__WHAT YOU NEED TO DO__
I'd like the listing below copied exactly, with the images left out.

__INFORMATION SHOWN__
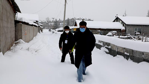 2月17日,長(zhǎng)白山地區(qū)迎來(lái)了入冬以來(lái)規(guī)模最大的一場(chǎng)大雪,這為第二天的排查工作增添了不小困難。清早,雪花還沒(méi)有停止,漫天白雪里,我們依然聽(tīng)到了“咯吱咯吱”的踩雪聲,原來(lái)股份公司的志愿者一早就已經(jīng)趟著膝蓋深的積雪,來(lái)到指定區(qū)域進(jìn)行入戶排查登記。天寒地凍、大雪紛飛,雪水濕透了襪子,寒風(fēng)刺痛著臉頰,也不能阻擋股份人和全區(qū)人民一道戰(zhàn)勝疫情的信念和決心。
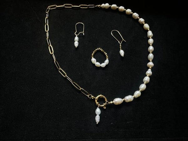 Klasyka w nowoczesnym wydaniu. Naturalne perły słodkowodne połączone ze złotymi detalami tworzą zestaw, który przyciąga uwagę, ale nadal pozostaje subtelny i elegancki.
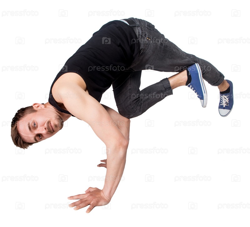 Брейк-дансер делает стойку на белом фоне

__REPLY__
 2月17日,長(zhǎng)白山地區(qū)迎來(lái)了入冬以來(lái)規(guī)模最大的一場(chǎng)大雪,這為第二天的排查工作增添了不小困難。清早,雪花還沒(méi)有停止,漫天白雪里,我們依然聽(tīng)到了“咯吱咯吱”的踩雪聲,原來(lái)股份公司的志愿者一早就已經(jīng)趟著膝蓋深的積雪,來(lái)到指定區(qū)域進(jìn)行入戶排查登記。天寒地凍、大雪紛飛,雪水濕透了襪子,寒風(fēng)刺痛著臉頰,也不能阻擋股份人和全區(qū)人民一道戰(zhàn)勝疫情的信念和決心。
 Klasyka w nowoczesnym wydaniu. Naturalne perły słodkowodne połączone ze złotymi detalami tworzą zestaw, który przyciąga uwagę, ale nadal pozostaje subtelny i elegancki.
 Брейк-дансер делает стойку на белом фоне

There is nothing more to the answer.